The cemetery table is used in unrecord, and is used to indicate what to do in the situation where two patches change the label of the same edge, and we unrecord one of them. What should be the label of the resulting edge? The cemetery table stores which patch deletes which edge.

This table duplicates information contained in the patches, but makes things more self-contained and faster to read when needed.


# #![allow(unused_variables)]
#fn main() {
    /// Dependencies
    dep: sanakirja::Db<self::patch_id::PatchId, self::patch_id::PatchId>,
#}

The dep table maps internal patch identifiers to their dependencies. This piece of information is also contained in the patches, but having it here makes the database more self-contained and faster to access.

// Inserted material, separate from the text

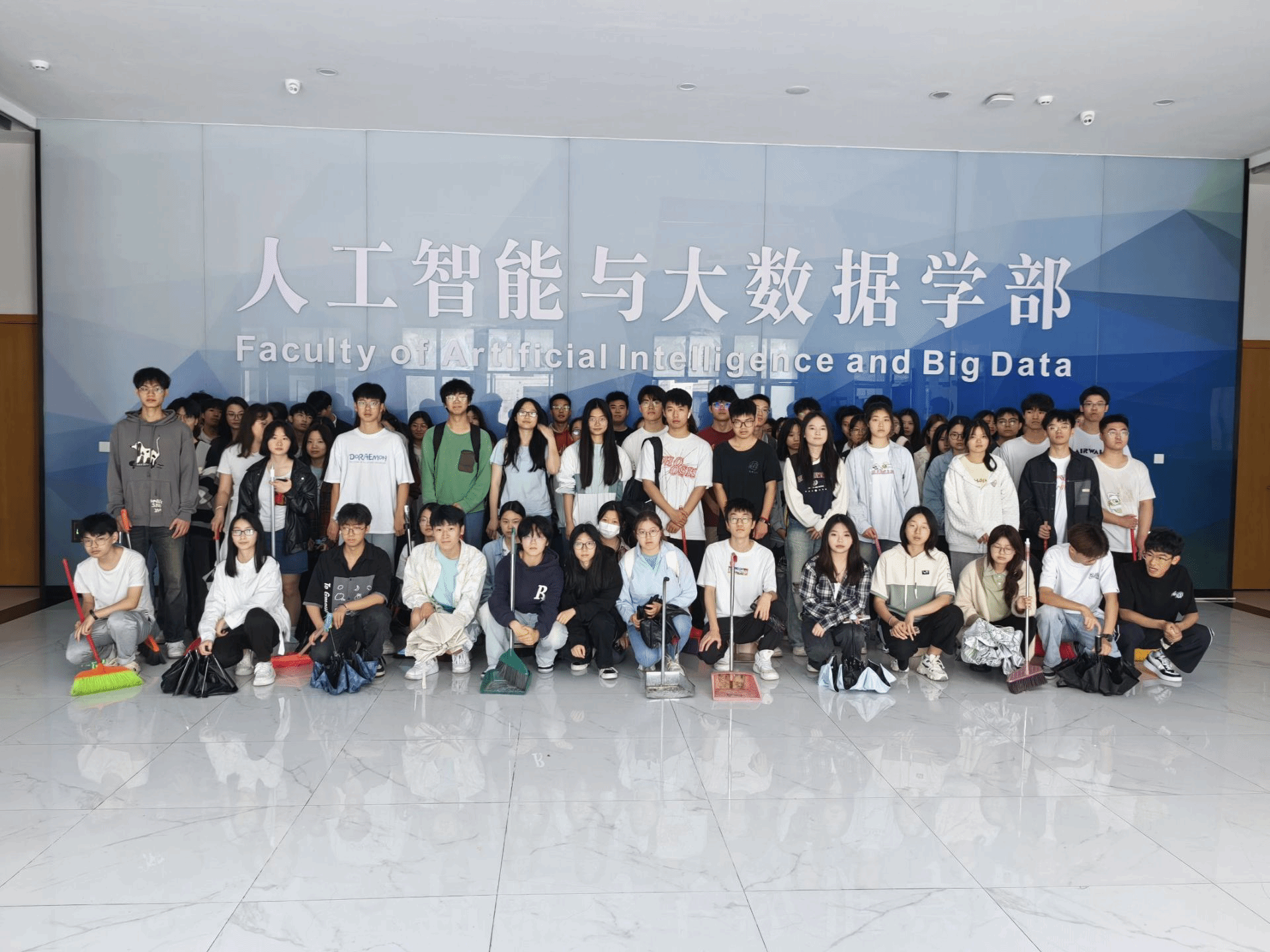 活动开始前,入党积极分子们在临港校区一期六号楼大厅准时集合,每位同学都提前准备好垃圾铲、扫帚等清洁工具,准备开始卫生清扫志愿服务。各志愿者根据任务的不同,分工合作,分配各自的工作内容和区域,以确保整个卫生打扫过程高效有序。

# #![allow(unused_variables)]
#fn main() {
    /// Files touched by patches.
    touched_files: sanakirja::Db<self::key::Key<PatchId>, self::patch_id::PatchId>,
#}

The touched_files table maps vertices in the graph (vertices representing files) to patch identifiers. It is used to tell which patches to pull if we only want the subset of patches that touched a certain file or directory in the repository.

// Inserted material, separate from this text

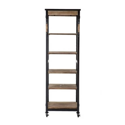 Coupon 🌟 72" Wooden Bookshelf with 5 Cases and Casters Brown – Benzara 🌟

# #![allow(unused_variables)]
#fn main() {
    /// Partial checkouts: branch -> partial
    partials: sanakirja::Db<self::small_string::UnsafeSmallStr, self::key::Key<PatchId>>,
#}

The partials table maps branch names to the subset of the repository tracked by this branch. When we do a partial clone, we fully apply all the patches related to the part of the repository we want to get. However, these patches might also touch other parts that we don't want to output. This table tells what parts of the repository we want to work on in that case.